BlackBerry and AWS create intelligent vehicle development platform

BlackBerry and AWS have entered into a multi-year agreement to jointly develop a new BlackBerry intelligent vehicle data platform.

Announced this morning, BlackBerry IVY is a cloud-based software platform that enables a developer to securely access and analyze vehicle sensor data, allowing the developer to gain actionable insights. It solves the various specialized data formats generated by vehicle sensors from different manufacturers and analyzes the data through machine learning, reducing development complexity and accelerating time-to-market.

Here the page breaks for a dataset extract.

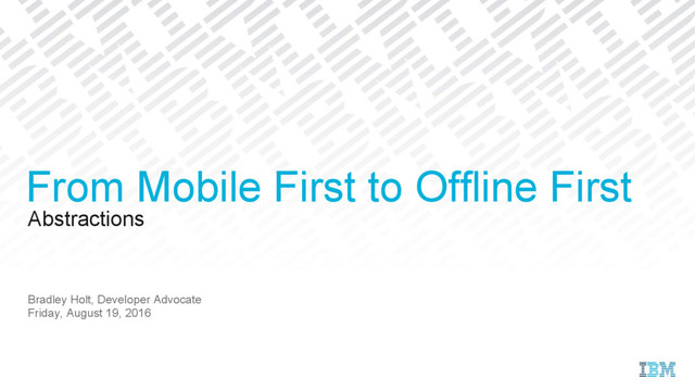 It's all too easy assume that your web or mobile app will run on a fast and reliable network with great coverage. The reality for your app's users, though, is often a slow and unreliable network with spotty coverage. What happens when the network doesn't work, or when the device is in airplane mode? You get unhappy, frustrated users. An offline-first app is an app that works, without error, when there is no network connection. An offline-first app can provide a better, faster user experience — both offline and online — by storing content and data locally and then applying progressive enhancement to synchronize with the cloud when a reliable network connection is available. An offline-first approach can be taken with Progressive Web Apps, mobile apps (native and hybrid), desktop apps (e.g. Electron), and Internet of Things (IoT) apps.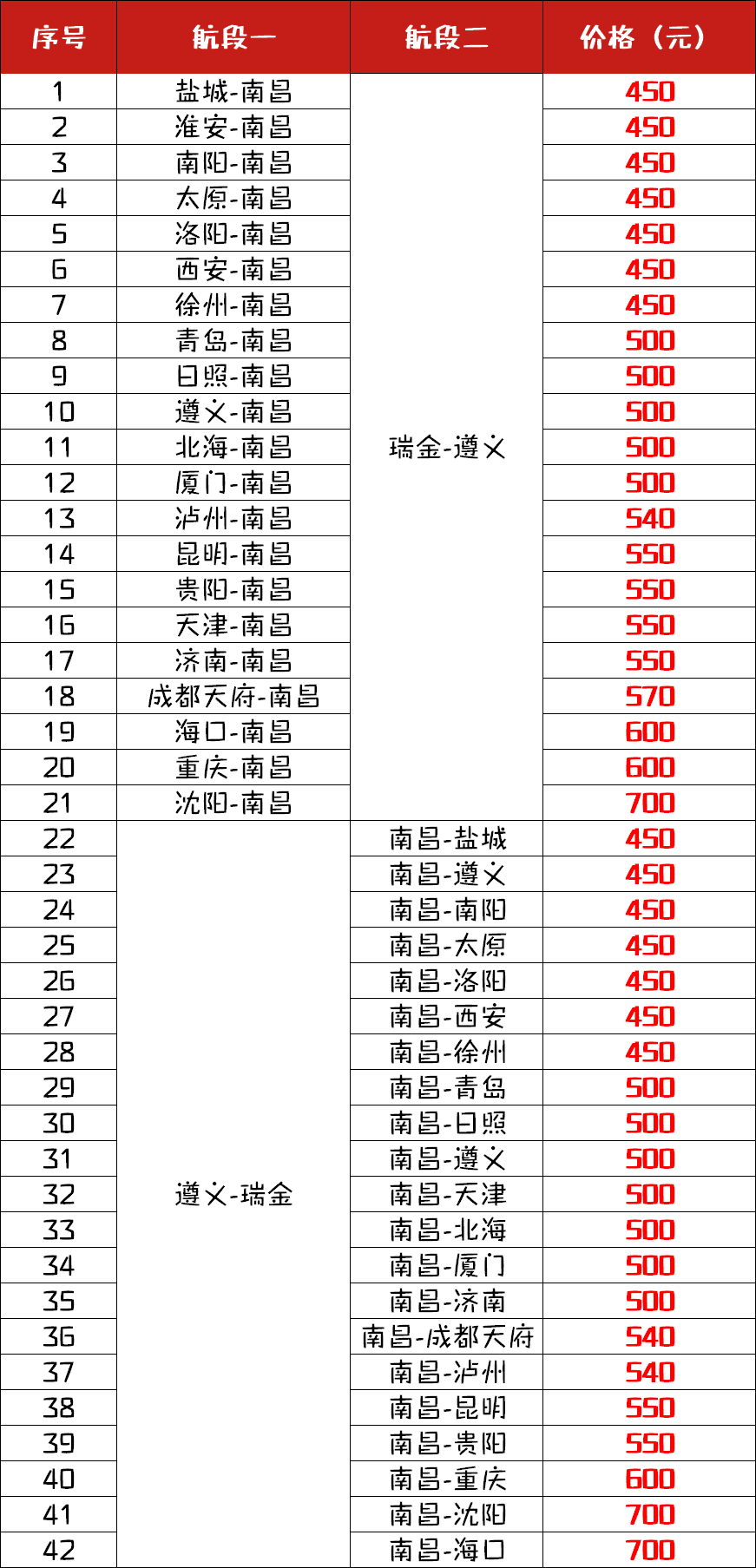 同时购买江西航空南昌进港航班及瑞金-遵义航线或江西航空南昌出港航班及遵义-瑞金航线,可享低至450元的机票福利。

BlackBerry IVY development flow.

Another advantage is that IVY provides developers with a way to share data to develop services across multiple vehicle models. BlackBerry says this is superior to building specialized systems for individual vehicle models, which is common practice in today’s manufacturing environment. Data can then be shared via the platform’s API, while providing complete control over who can access that data in what nuance.

IVY combines BlackBerry’s QNX embedded system with Amazon’s cloud services. It runs locally in the vehicle but can be managed through the cloud. It also supports multiple vehicle operating systems and multi-cloud deployments for compatibility between different manufacturers.

“Data and connectivity are opening new avenues for innovation in the automotive industry, and BlackBerry and AWS share a common vision to provide automakers and developers with better insights so that they can deliver new services to consumers,” said John Chen, CEO of BlackBerry, in the press release.

“This software platform promises to bring an era of invention to the in-vehicle experience and help create new applications, services and opportunities without compromising safety, security, or customer privacy,” he added.

In its Dec. 1 press release, BlackBerry described a number of potential applications for IVY, including the delivery of feature suggestions based on driver behaviour and hazardous road conditions. Electric vehicle owners can choose to share their car’s battery information with third-party charging networks to book a charging connector. IVY can then analyze how these features are used and report to the development team.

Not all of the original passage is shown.